Остаётся молиться, но уже настоящему Богу-вседержателю и просить его о чуде. Только чудо способно нас спасти! Современный управитель, похожий на Муссолини и Хрущёва одновременно, слабоват, чтоб загородить собой поток после сорванной плотины, да и методы его всё те же, что и у его предшественников, а время показало, что они, эти методы, годны только для разрушения: зажим, подавление, говорильня ничего доброго принести не могут. Общество слишком больно, и болезнь его прогрессирует «изнутри», а нутро-то это, сжавшееся от испуга, мелких страстей кусошника и выжиги, перешедшее во внуков и правнуков от дедов и прадедов, закрыто от всех и для всех. «Сдохни ты сегодня, а я завтра» – эта зловещая мораль, родившаяся в стране ГУЛАГ, залила, как болото, всю страну, весь народ, всё общество.
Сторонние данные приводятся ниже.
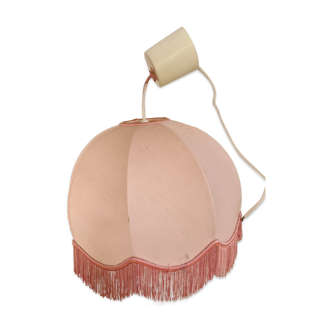 Beautiful and original vintage suspension in beige fabrics of floral shape gloved with a delightful stripe in trimmings tone on tone of the 1960s 1970s. In a very good state of conservation, it will give a touch both vintage and elegant to your decoration. Typical of this era, it is lined inside by an amber plastic coating in perfect condition, which brings a warm and subdued light. The top that hides the electric wire is shaped like a matte white geometric drop for a very nice finish. The most beautiful effect once installed. Origin France.

Заплатки на платье – частичная правда, позволение жить «морально», «по совести», терпеть и ждать снова – отправлены в народ элитой, которая жрёт, пьёт, ездит, даже моется и веселится отдельно от народа. «Узок их круг, страшно далеки они от народа…» – этот пассаж о декабристах вполне ложится на нашу руководящую верхушку.

1988

15 января 1988 г.

(Е. Е. Нестеренко)


Дорогой Евгений Евгеньевич!

Вот уже которое время живём мы «под знаком Нестеренко»! Сперва я прочитал горькую беседу с Вами о Мусоргском в «Советской России» (и представил: если б фамилия у него была Факторович, сколь камней, памятников и слов «самый гениальный» свалилось бы на нас! Уши б прожужжали, совсем бездарными бы нас поименовали на фоне гения Факторовича!). Но я иногда думаю, что наша безалаберность, наше благодушие, часто переходящее в бездушие, – всё же не навязчивая трескотня, а где-то и скромность науки, достоинство её, достойно в труде и делах выраженная и от сознания талантливости происходящая. Сказали же Вы, что «в Милан не стажироваться ездил, а петь».
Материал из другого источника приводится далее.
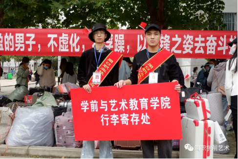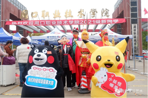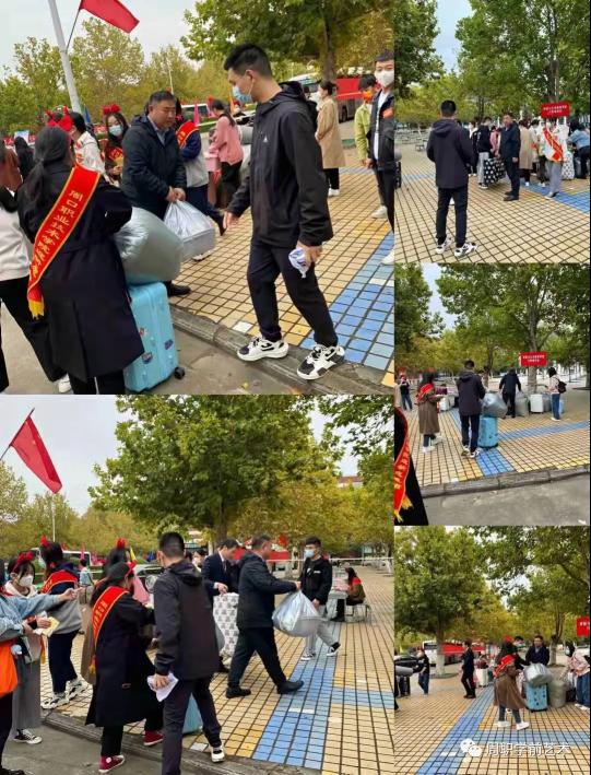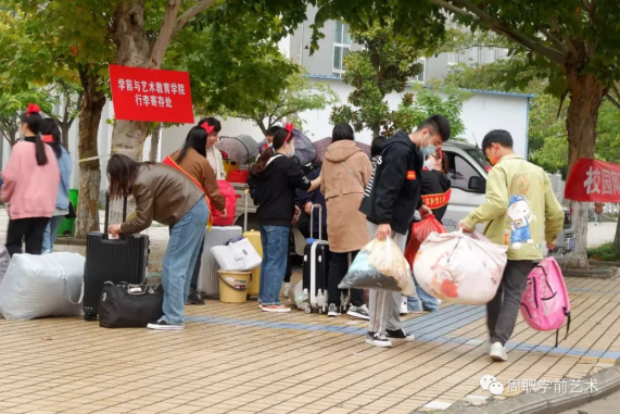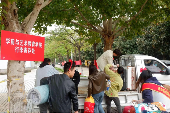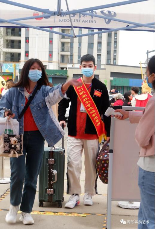 可爱的小萌新们经过扫码验码、体温监测、行李消毒、确认健康安全后方可入校,而在校门外学长学姐们穿着可爱的卡通玩偶和经典电视剧剧服在校门口热情迎接,他们“疯狂”上前“抢”过行李送到行李寄存处,然后用行李接送车把行李送到宿舍。

Славно! Только приходится нам, как нашим футболистам и боксёрам за границей, приходится нам бороться и дело делать с явной форой, в нокаут противника посылать. Я тоже яростный болельщик, и Марья Семёновна до болестей была таковой, – давние мы болельщики «Торпедо», а я, как старый железнодорожник, потихоньку ещё болею и за «паровоз», будь он неладен! Но хоть в Высшую лигу вернулся, и то ладно. Однако подбирают отходы «Спартака», а надо бы своих на локомотиве привезти. Вот Марья Семёновна и перепечатывает мои рукописи десятки раз. Иначе нельзя. Никто у нас халтурную, пусть и «новаторскую» работу не примет, да и обрадуются любому нашему провалу, недоделке, неряшливости. Поэтому я был страшно рад (и все, кого я спрашивал, – я-то могу быть и субъективным) Вашей передаче из Останкино.

Браво! Браво! Браво! Браво, что певец наш по-прежнему подтянут, красив, голосист, причём голос, как дар, шарфом не укутан, Бог его дал, для людей, для увеселения, для духоподнятия – нате! Я весь без остатка Ваш! Надо – в деревне запою, надо – на сцене запою. И поговорю без ужимок, без этого, из кожи вынимаемого «юмора», без претензий, ибо прекрасное и без того прекрасно и величаво.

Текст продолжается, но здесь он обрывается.